In order to illustrate this problem, we would like to introduce a distinction between two notions of structural inequality: a situational notion, which we regard as problematic, versus a systemic notion of structural inequality. The situational understanding of structural inequality points to the fact that the ongoing existence of certain structural, social conditions is responsible for the fact that inequalities between certain groups tend to reproduce themselves; in other words, for these groups remaining in the same relative position vis-à-vis each other, with no possibility of changing that position. A systemic interpretation of structural inequality, on the other hand, focuses on the problematization of the social interaction between these groups as coercive, violent, offensive relations of dependency.

The difference between these two interpretations can be highlighted by looking at the answers they give to the following two questions: what exactly is the wrong they identify in structural inequality, and what kind of measures could redress it. We begin with the answers given by the situational interpretation of structural inequality. With respect to the first question—what turns mere differences into scandalous inequalities—different theories that subscribe to situational inequality provide somewhat different answers.

Some see the root of the problem in the fact that such gaps preclude certain groups from assuming an equally active part in shaping public life, namely that there exists a clear distinction between those who determine “the rules of the game” and those who are forced to abide by them. Others see the root of the problem in the fact that such inequalities close off any chance of social mobility. Still other approaches argue that a situation in which different groups enjoy different opening conditions is inherently unfair. What is common to all these different approaches, and the reason we regard them as varieties of the situational notion of structural inequality, is that they locate the scandal of these structural gaps in the fact that it causally reproduces itself (as opposed to merely happening to sustain itself).

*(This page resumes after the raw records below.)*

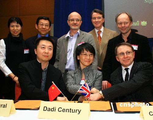 當?shù)貢r間2月27日下午,中國商務(wù)部長陳德銘(后左二)和英國商業(yè)、企業(yè)和制度改革大臣曼德爾森(后右二)共同見證了中英企業(yè)合拍電影《楊貴妃》的簽約儀式。圖為北京春秋鴻文化投資有限公司、大地時代文化傳播(北京)有限公司與英國Capital Music公司的代表簽署1400萬美元合拍協(xié)議。中新社發(fā) 李鵬 攝
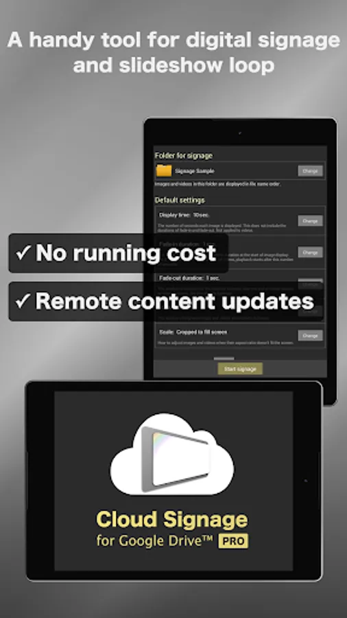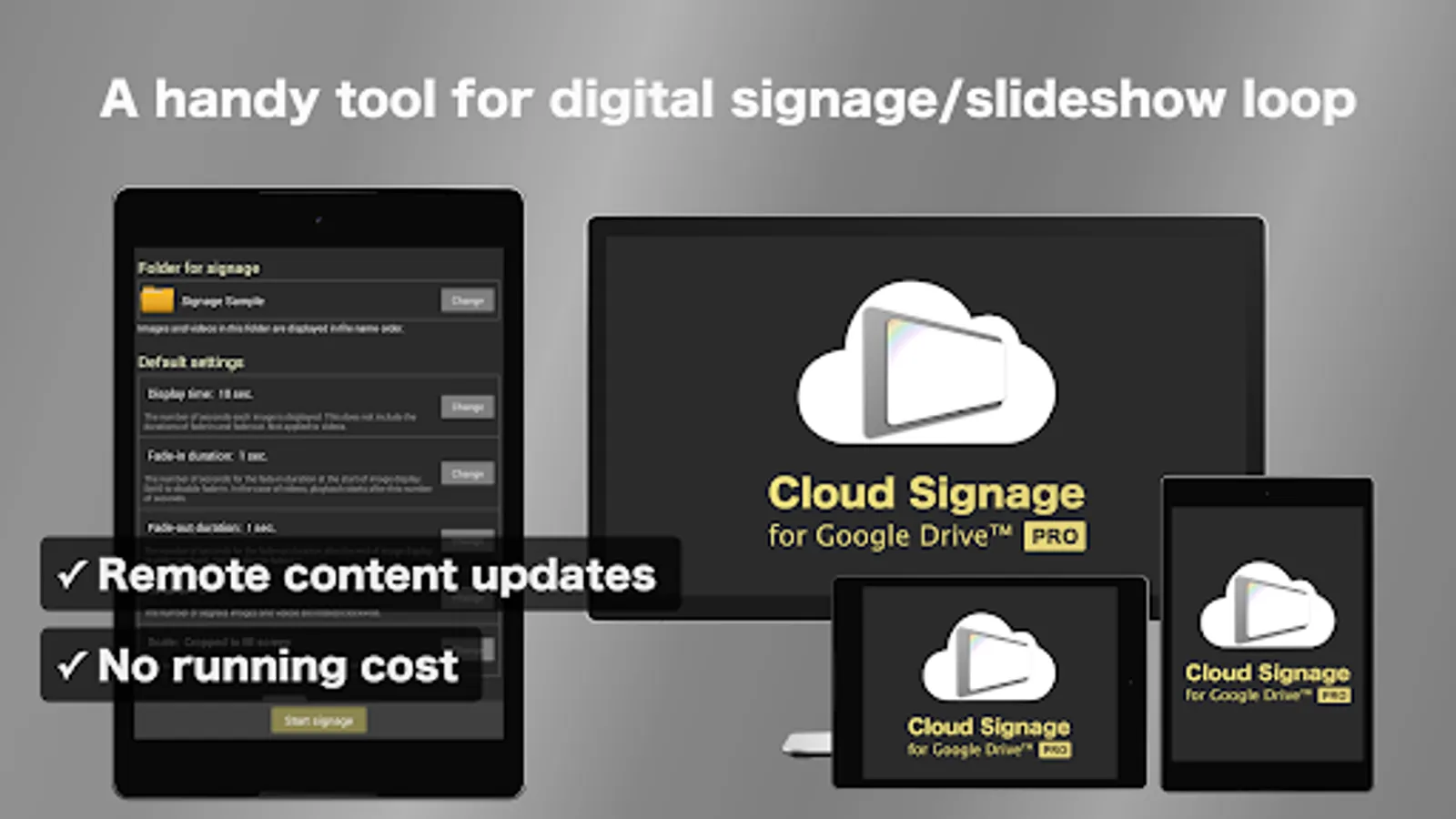 Cloud Signage for Google Drive™ PRO is an easy-to-use digital signage app that can update content remotely but does not require paid subscription, integrated with Google Drive.
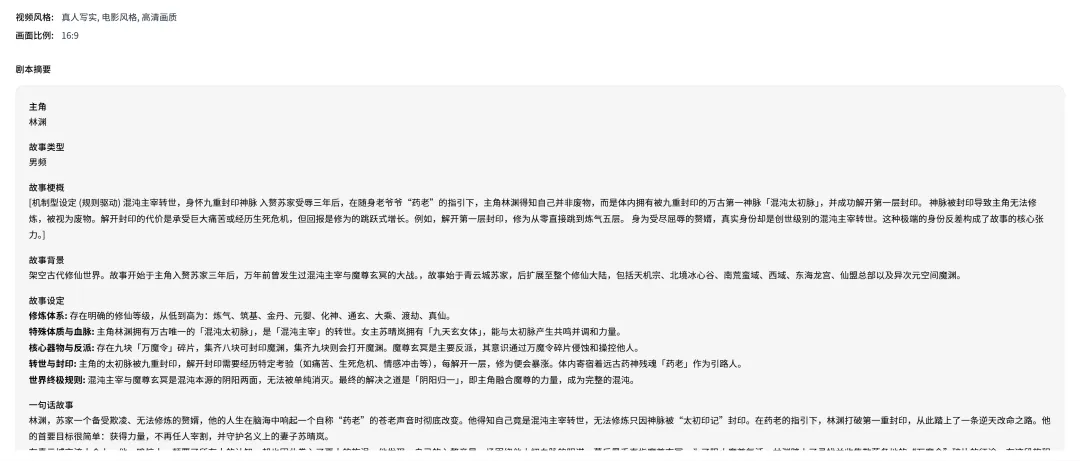 配置确认后,它就会按每一集几十秒,或者是一分钟左右的一个节奏,生成一份剧本大纲,这一步其实是会保留我们的剧情,同时会让它更像一个影片。
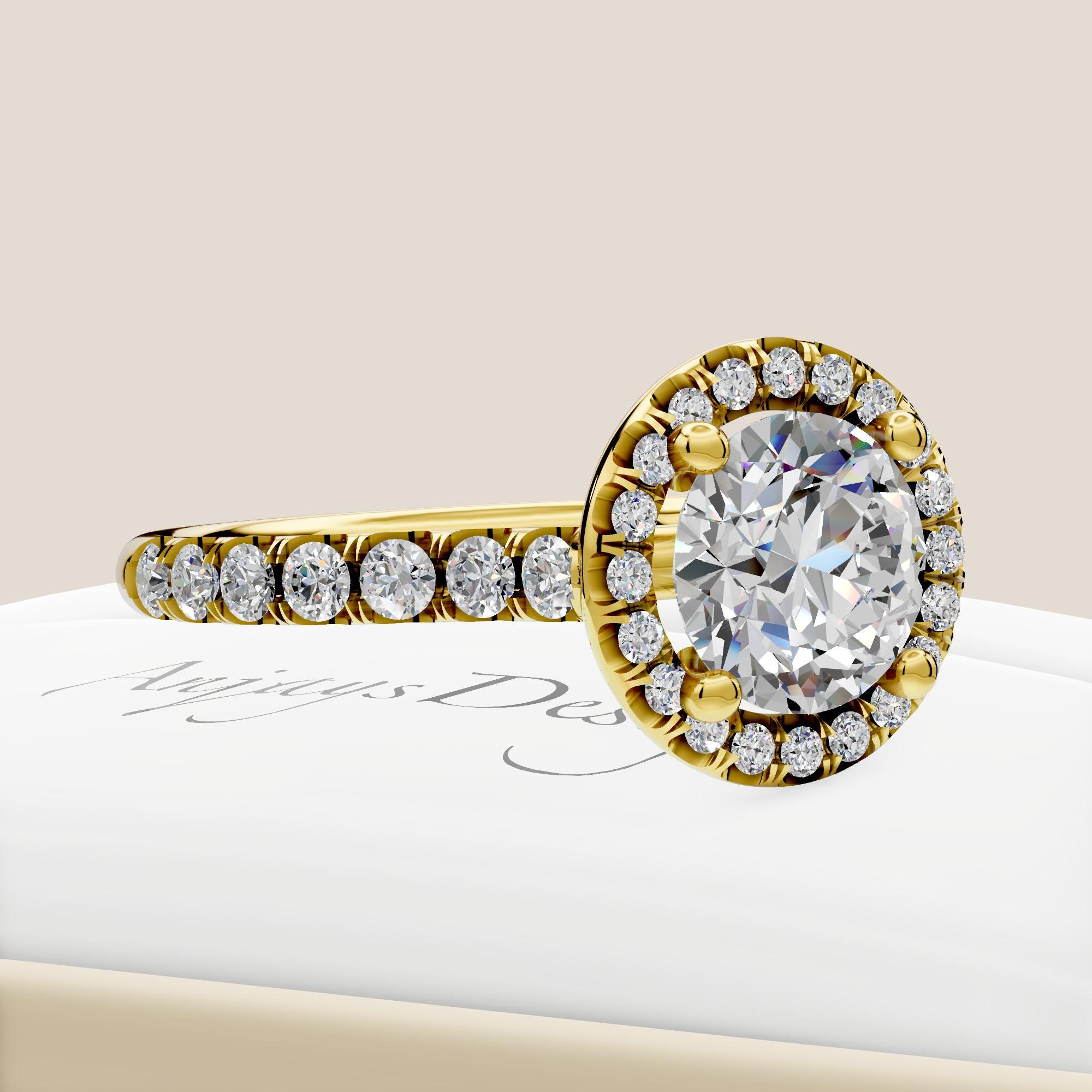 This timeless engagement ring showcases a brilliant 1 carat round lab grown diamond, graded D color and VS1 clarity, offering exceptional sparkle and fire! The center stone is beautifully framed by a shimmering halo of smaller diamonds, enhancing its brilliance and creating a radiant, eye-catching design. Crafted in solid 14k yellow gold, this piece balances elegance with durability, making it perfect for everyday wear. A classic yet modern choice, this halo engagement ring is the perfect symbol of love and commitment!
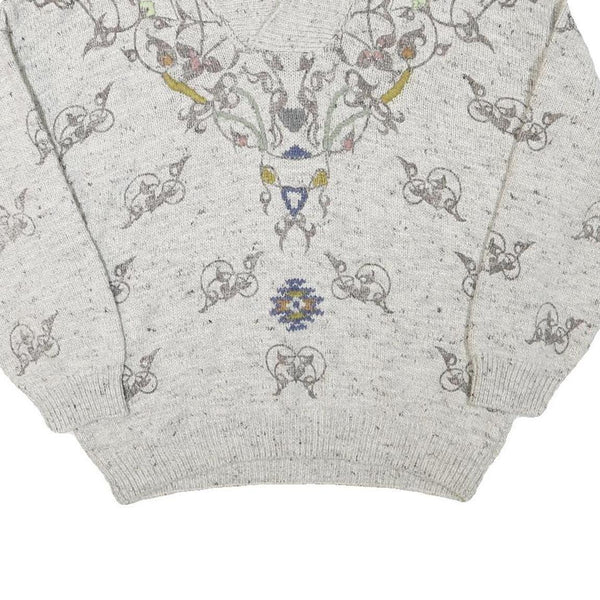 This NANIBON mens jumper features a creamy base colour adorned with intricate patterned detailing in subtle earthy shades. The design includes delicate vines and floral motifs accented with soft hints of blue, yellow, green and mauve, providing an elegant yet vintage-inspired look. The pattern is woven throughout the jumper, adding textural interest to the classic styling.
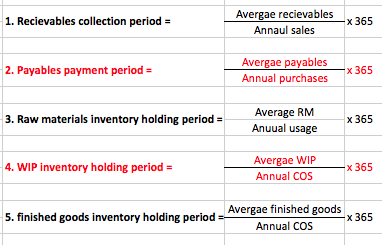 Give the equations for the following in days…
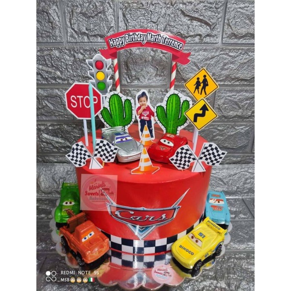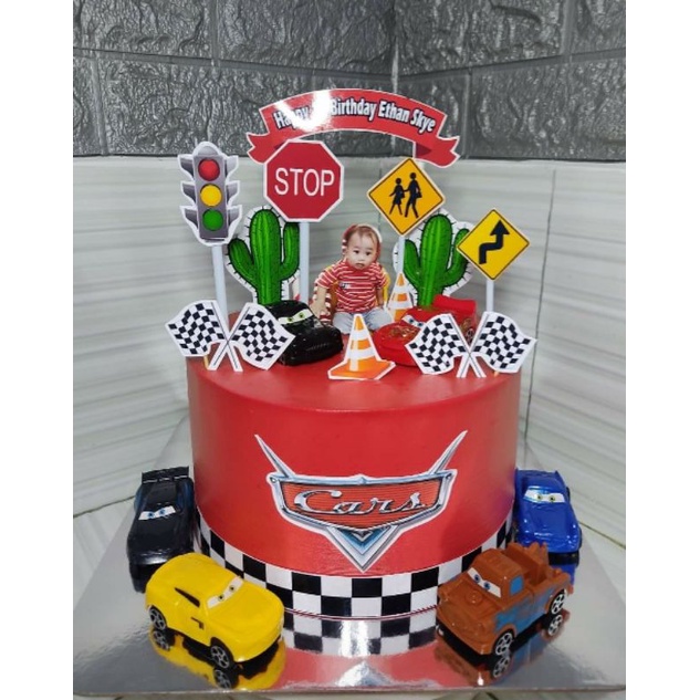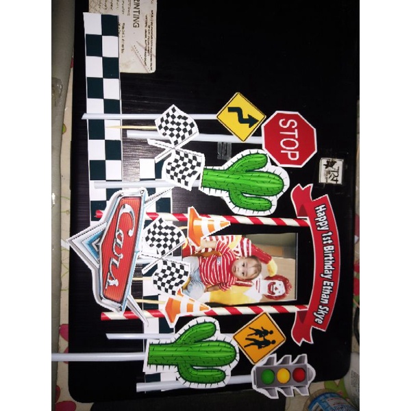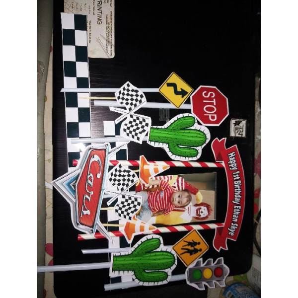 customized photo printed cars flag red mcqueen cake toppers
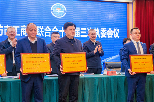 會議傳達學(xué)習(xí)了全國兩會精神、全省高水平開放暨高質(zhì)量招商引資大會和全市工作動員大會精神;通報了2023年度全市工商聯(lián)系統(tǒng)有關(guān)工作情況;宣讀了2023濰坊民營企業(yè)系列百強的通報和2023濰坊民營企業(yè)家百名“敢創(chuàng)先鋒”的通報并為代表進行了頒獎;副市長、工商聯(lián)主席陳端梅代表工商聯(lián)常委會作了工作報告;市委常委、秘書長、統(tǒng)戰(zhàn)部部長趙緒春同志講了話并與濰坊市中級人民法院黨組書記、院長李成濤共同為濰坊市總商會民商事糾紛人民調(diào)解委員會揭牌;大會還報告了會費收支情況,審議通過了有關(guān)人事事項(草案)。 會后,市工商聯(lián)金融服務(wù)中心做總體宣傳推介并進行了相關(guān)政策宣講。
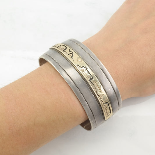 Native American Sterling Silver Cuff Bracelet 14K Gold Accent Storyteller
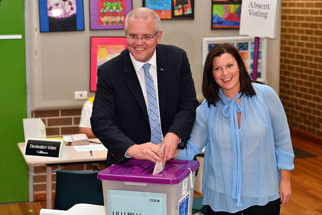 Australia's Prime Minister Scott Morrison and his wife cast their vote during Australia's general election in Sydney, May 18, 2019. /VCG Photo
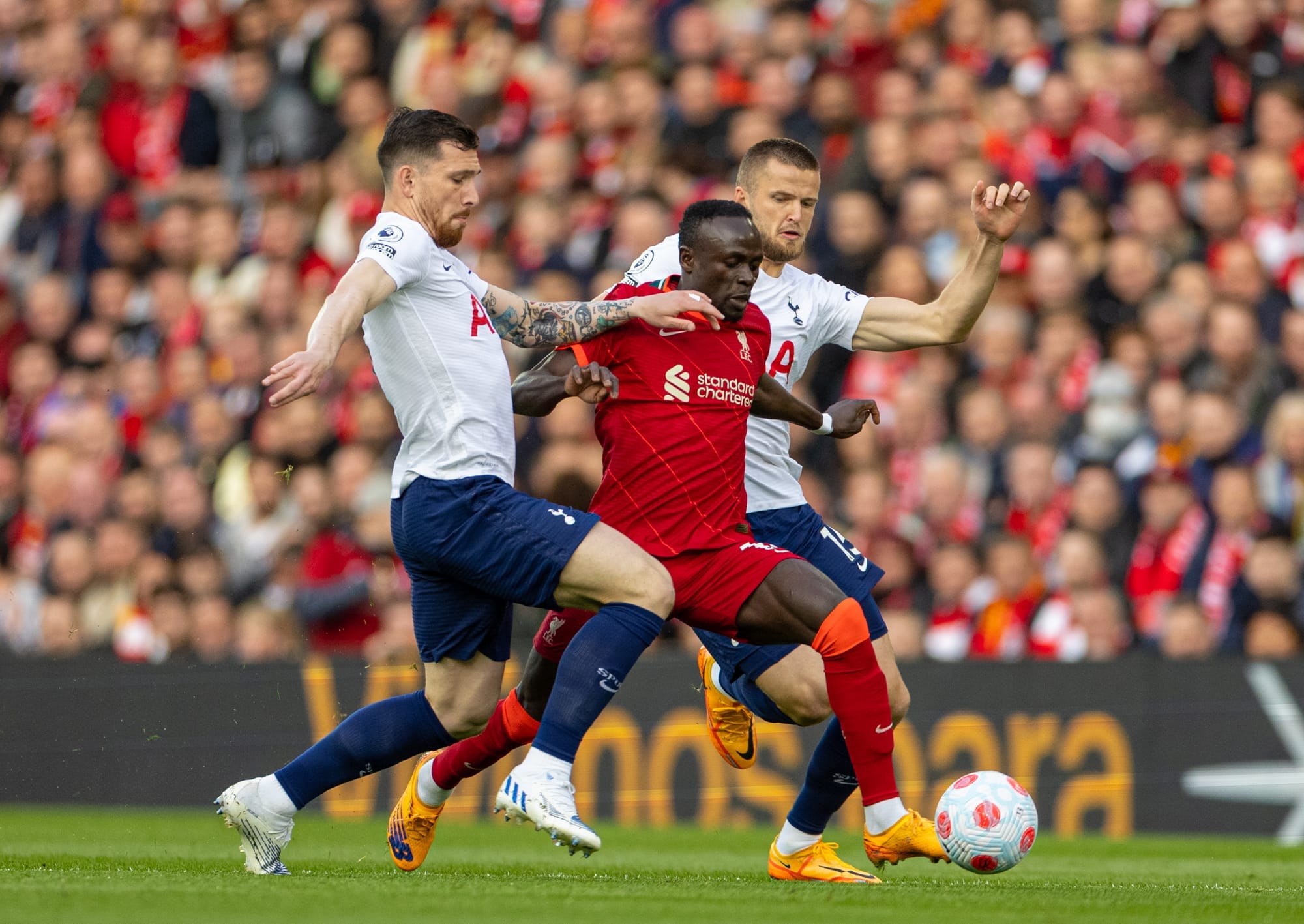 1v1 or 1v2 Situations: Players being closed down by one or more opponents, such as featured image where Sadio Mané is tightly marked by two Tottenham defenders.
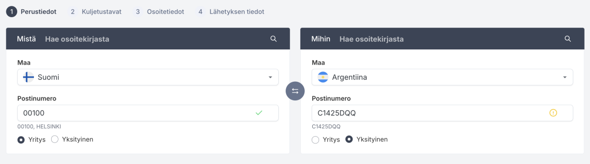 Shipitin postinumerohaku toimii seuraavalla tavalla Argentiinaan:
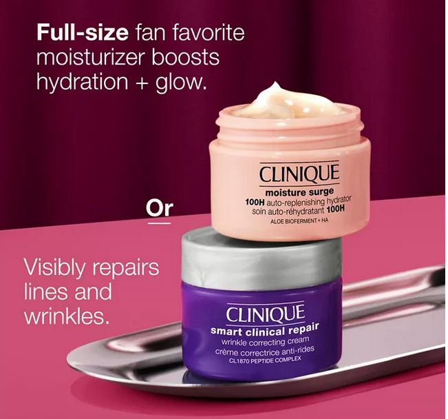 Choose a FREE Full-Size Hydrating Moisturizer or De-aging Face cream with any $60 Clinique purchase (Up to a $169 Value). Choices Include:
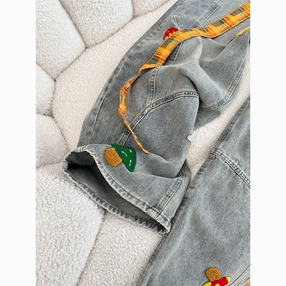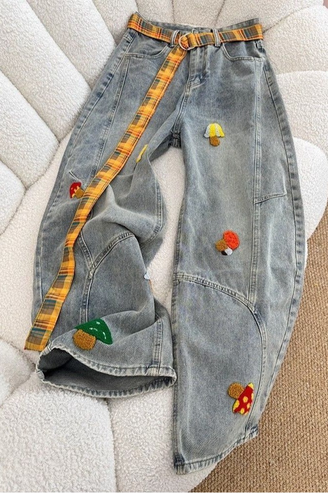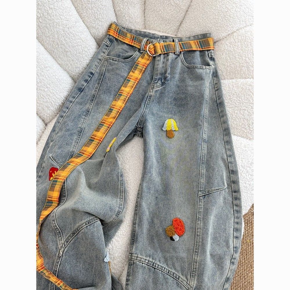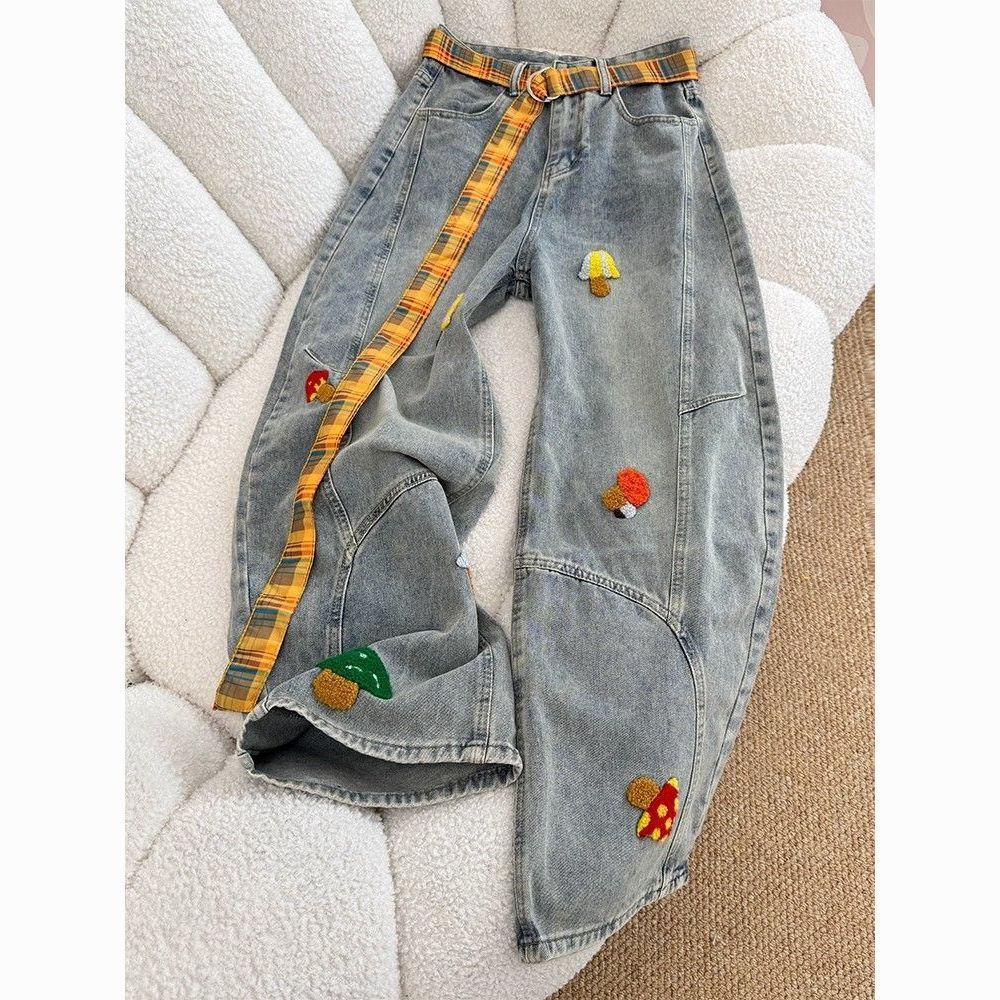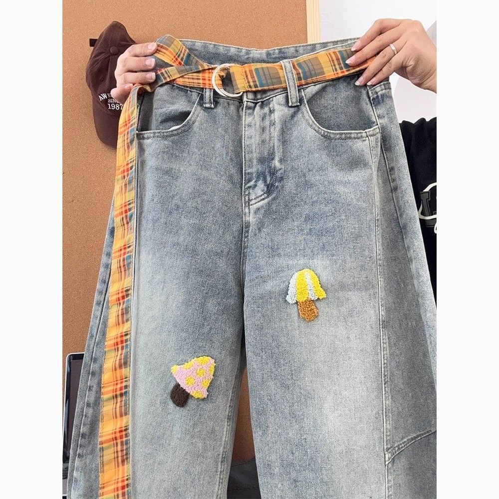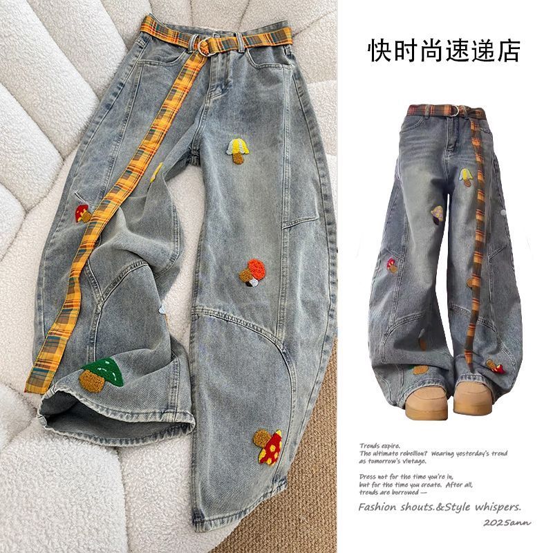 도파민 만화 자수 패턴 넓은 다리 청바지 여성 봄 가을 새로운 슬림해 보이는 도루 센스 루즈핏 청바지 트렌디

With respect to the second question—what kind of redress should be demanded with respect to structural inequality—the situational approach suggests several answers: a demand to transfer resources from advantaged to disadvantaged groups, affirmative action, the removal of mobility barriers, or some form of empowerment of the disadvantaged group (usually through investment in infrastructure or education).

What these answers have in common is that they call for a change in the relative position of the different groups (most commonly by improving the chances of the disadvantaged). From the situational perspective, a structural inequality is regarded as less scandalous insofar as, at least in principle, one can struggle to narrow the gap it results in, or to grant more groups better chances of improving their relative position with respect to these gaps (higher mobility). The gaps thereby assume a character that is less static and more transitory: less a case of persistent inequalities and more a case of differences that are somewhat contingent and remediable, hence less scandalous.